Chinese ports will continue to face pressure in throughput growth in the next two years, on the back of economic rebalancing and ongoing capacity additions, according to Moody’s Investors Service.
Furthermore, a port’s location has become a more important credit factor in differentiating among the Chinese ports. Moody’s expects the standalone credit quality of Chinese port operators to widen as a result.
“The ongoing downturn in the iron ore and coal sectors, combined with intense competition from neighboring ports, is threatening a number of ports in north and northeast China that mainly handle commodity bulk cargo,” said Michelle Zhang, a Moody’s Vice President and Senior Analyst. “Along with rising labor costs, these factors will pressure the profitability of Chinese port operators in the next two years.”

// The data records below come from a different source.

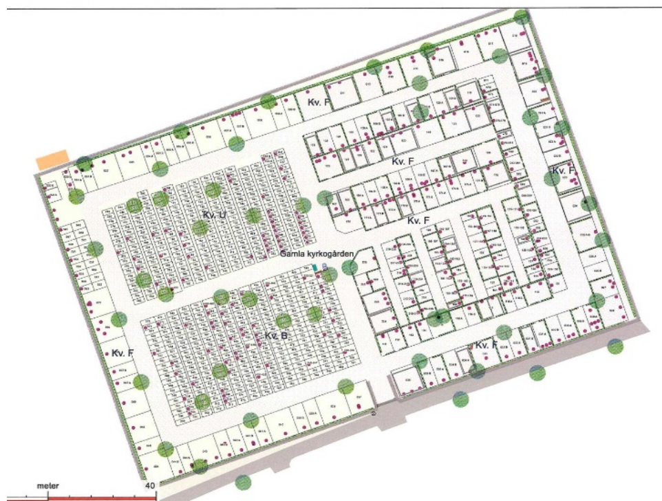
Karta över griftegården med kvartersbeteckningar.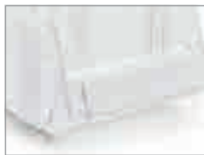
Etiketten mit Selbstklebefolie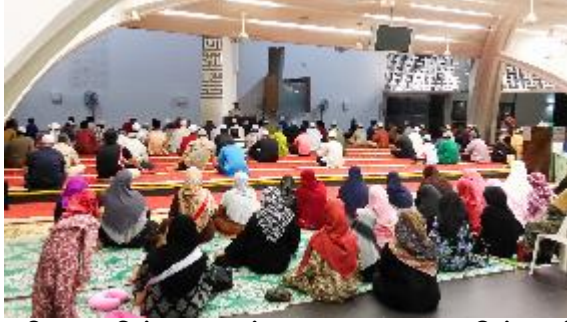
மஸ்ஜித் அஸ்யஃபா பள்ளிவாசலில் மாதாந்தர சமய உரையின் (ஸ்யாராஹான் புலானான்) பங்கேற்பாளர்கள், 2014 மஸ்ஜித் அஸ்யஃபாவுக்கு நன்றி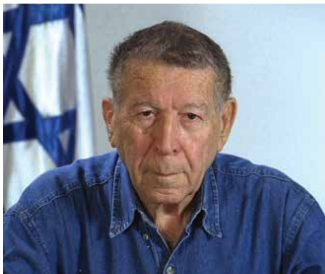
אלוף ישראל טל , מסקנתו של טל כבר לפני עשרים שנים היתה כי במציאות זו לא ניתן יהיה להמשיך להישען על חיל האוויר ככוח הרתעה בלעדי.

על־מנת לגבש תפיסה שתעצב ותכווין את התמרון היבשתי, צריכה להיות עבודה משותפת של המפקדה הכללית ושל זרוע היבשה. התפיסה היא מעין טלסקופ עם שלושה מפרקים: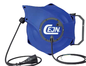
Typ KAC 10315 / KAC 17315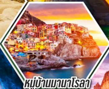
หมู่บ้านมาราโรลา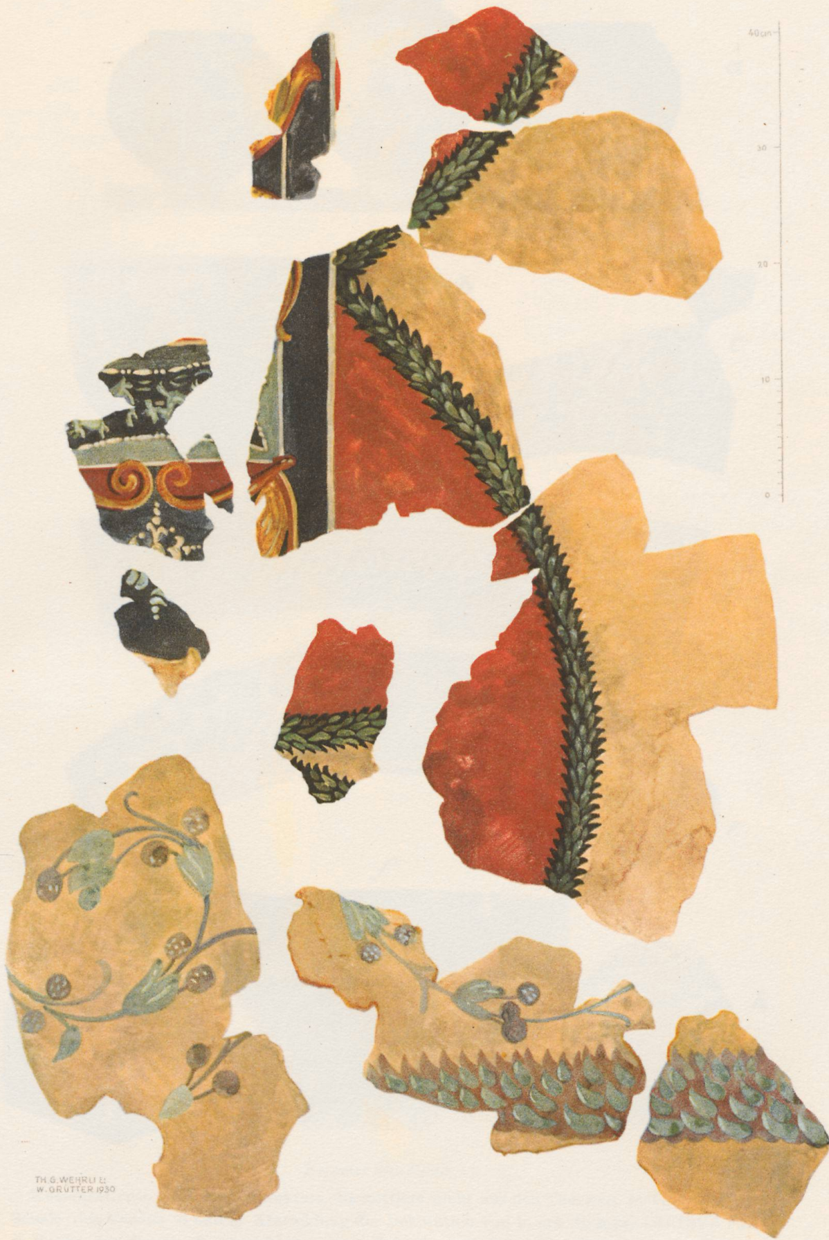
WANDMALEREIEN AUS DEN THERMEN VON VINDONISSA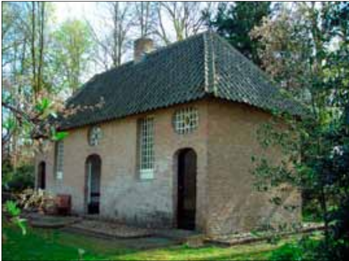
Pesthuisje van de Kapucijnen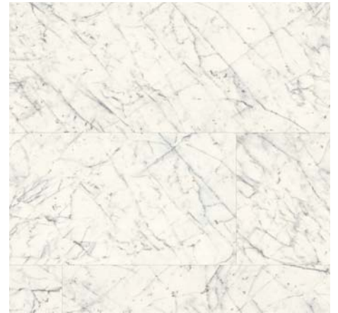
ML 76047 Mramor Berdal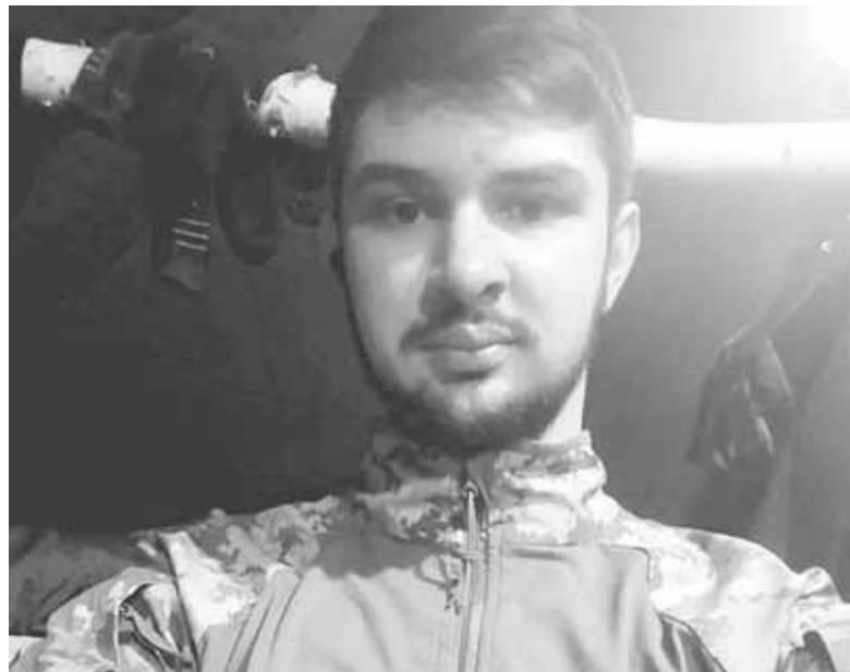
Євгену назавжди 24. Вічна пам'ять Герою!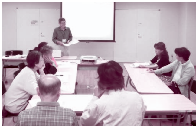
「健診結果説明会」の様子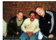
Приезжайте к нам в Урюпинск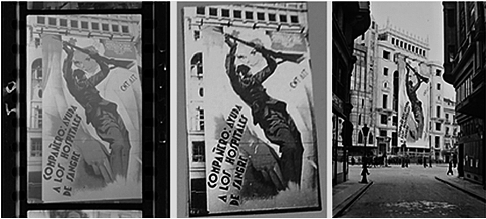
Figs. 9, 10 y 11. Negativo redescubierto en México en 2007, copia por contacto nº 23 del cuaderno nº 7 (ANP) y copia de negativo original en la sede del Archivo Histórico del Partido Comunista Español. De la serie de Gerda Taro sobre Valencia, marzo-mayo de 1937.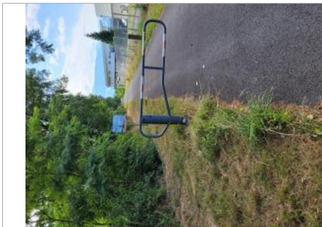
Entrée voie verte Léman-Mont Blanc

Coordonnées WGS84 : X: 6.63248613 / Y: 45.96232320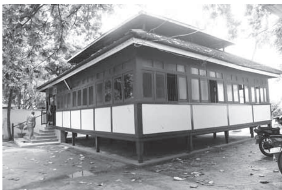
กุฏิของท่านอาจารย์ภัททันตะชนกาภิวัังสะ ปัจจุบันทางวัดได้ทำเป็นพิพิธภัณฑ์ของท่าน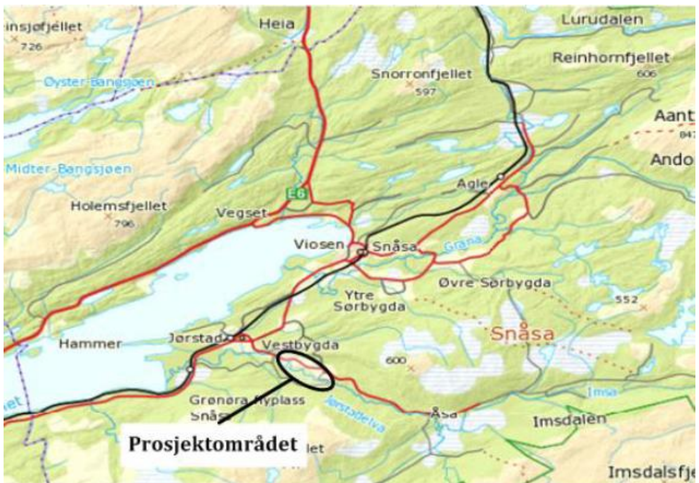
Figur 1: Kartutsnittet viser prosjektområdet for Jørstadelva kraftverk. Nærmeste tettsted er Snåsa 12 km nord for prosjektområdet.

Prosjektområdet for Jørstadelva kraftverk er lokalisert på sørsiden av Snåsavatnet. Fylkesvei 763 passerer over elva oppstrøms for utløpet i Snåsavatnet, mens fylkesvei 322 følger elva sørøstover.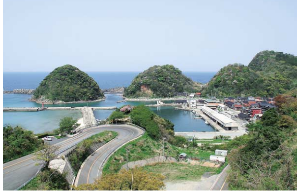
国道178号・七坂八峠から居組の町を望む。夏はイカ釣り漁船の漁り火が灯り、絶好の撮影スポットとなる。不動山(左)と亀山(右)は、村のシンボルとなっている。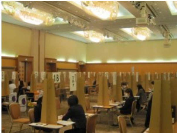
▲就職面接会：リアル会場の様子 一対一での面接、質問、自己PRに頑張っている。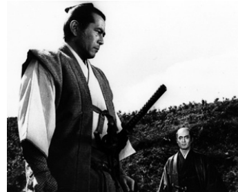
1967 REBELLION (Joi uchi, Hairyo tsumo shimatsu) de Masaki Kobayashi avec Tatsuya Nakadai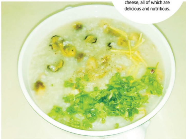
Cháo hào

Hon Tre milk oysters has soft meat, fatty taste, rich sweetness and very high nutritional content. Visitors can enjoy this specialty in many ways, such as congee, oyster grilled with onion or grilled with cheese, all of which are delicious and nutritious.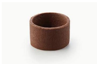
MINI TARTELETA DULCE RECTA CACAO 38mm Tartaleta dulce de pasta brisa elaborada con mantequilla y cacao de 20x38mm. MAS-DIS402 – 38mm – 192u/box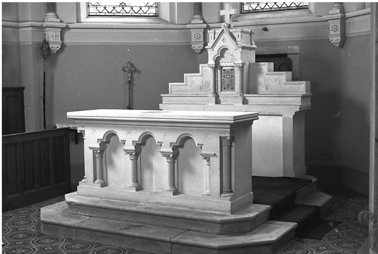
Vue d'ensemble du maître-autel.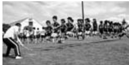
みんなの力で新記録

期日=10月3日(日) 会場=市陸上競技場 種目などについては区・自治会・町内会へ回覧板でお知らせします。参加申し込みは、一緒に回覧する申込書に記入してください。また、参加賞も多数用意していますので奮ってご参加ください。くわしくは生涯スポーツ課(☎20-1584)へ。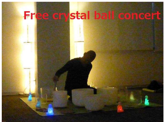
Free crystal ball concert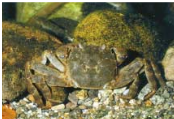
海で幼生を放つモクスガニ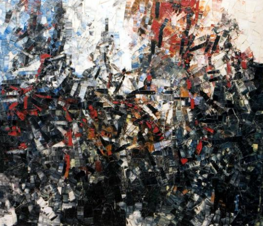
Resim 10. Jean-Paul Riopelle, Orman Yakma, 1955, 76,5 X 90, 5 inch.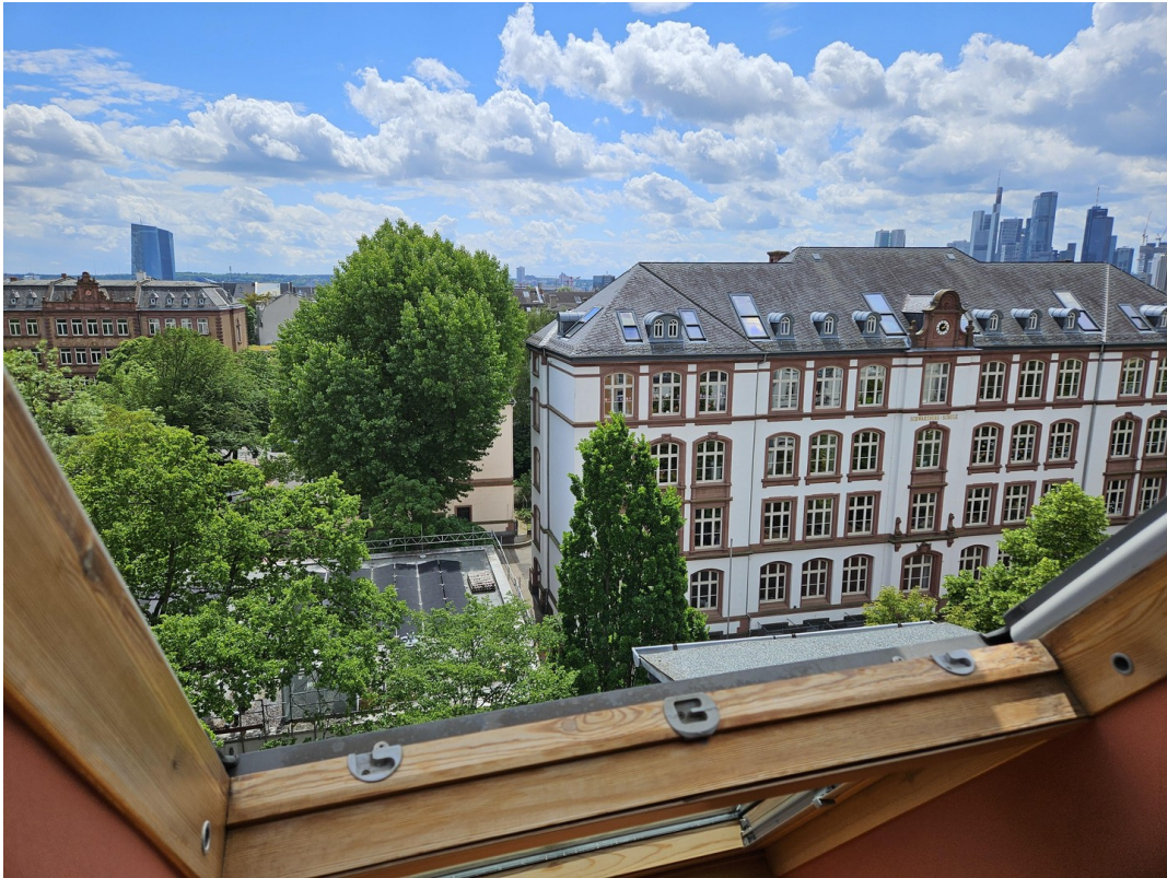
Aussicht Wohnzimmer nach S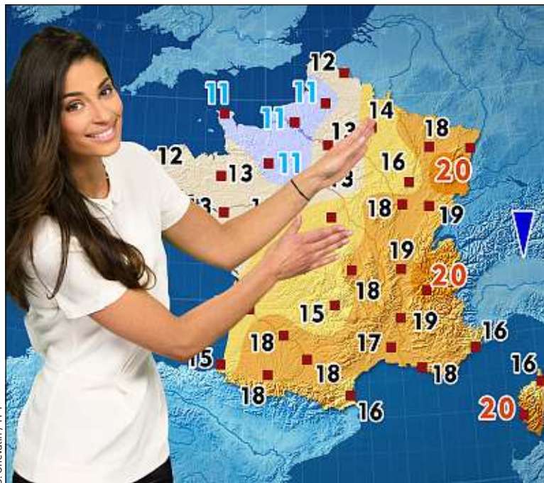
Tatiana Silva a succédé à Catherine Laborde sur TF1, en 2017.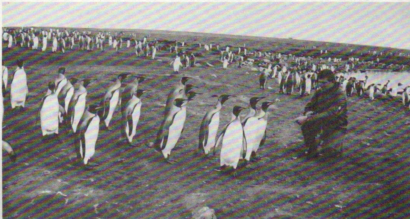
Un pingouin devant des manchots (EV2 (S) Laignel, pilote d'hélicoptère).

l'hélicoptère qui a transporté nos explorateurs en reconnaissance à l'ouest de l'île, jusqu'au magnifique glacier Cook.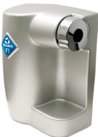
PWS - F1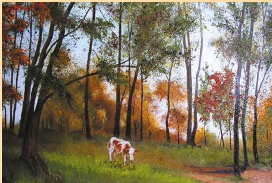
«Село Натальино. Осень и телёнок»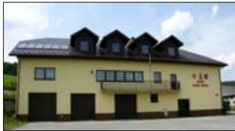
OSP w Ranie Ni njej.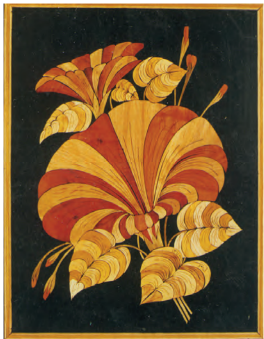
تصویر ۸-۲-۲- معرق رزین دار - تابلو

لازم به ذکر است که رزینها همیشه به صورت مایع در معرق به کار نمی‌روند بلکه در برخی مواقع می‌توان آنها را به صورت ورقه‌های جامد با ضخامت ۳ میلیمتر و با رنگ و نقش مورد نظر ساخت و سپس آن را مانند سایر مصالح معرق بر اساس الگو دوربری نمود.

According to Moody’s report “Chinese Port Sector: Lingering pressure from overcapacity but major coastal ports are fairly resilient”, operating efficiency and the ability to provide comprehensive and high-quality services along the supply chain will become more important to Chinese ports’ standalone credit quality.
As China’s growth model shifts the contribution of low-value-added manufacturing to domestic consumption and higher-value-added industries, throughput growth will progressively shift from commodities to containerized and high-value goods.
Moody’s says core ports in the three prosperous economic regions: Pearl River Delta, Yangtze River Delta and Bohai Rim are well equipped to benefit from this shift.
While overcapacity will dampen the need for capacity additions, the growth in ship size and the structural change in the cargo mix handled by Chinese ports will drive port operators to improve their infrastructure in order to remain competitive.
As such, Moody’s expects that port operators will incur relatively high capex, making deleveraging unlikely over the next two years.
Further, Moody’s notes that government support remains key to the overall credit quality of major port companies in China. Owner local governments have strong incentives to provide extraordinary support to the ports, given their strategic importance as pivotal infrastructure for, and gateways to trade.
China’s port sector experienced continuous high growth before the 2008-09 global financial crisis. After plunging in 2008 and 2009, it quickly rebounded in 2010 as government stimulus measures took effect.
But China’s slowing economic growth since 2011 has caused total cargo throughput growth to drop to 9.2% in 2013 and 4.9% in the first 11 months of 2014.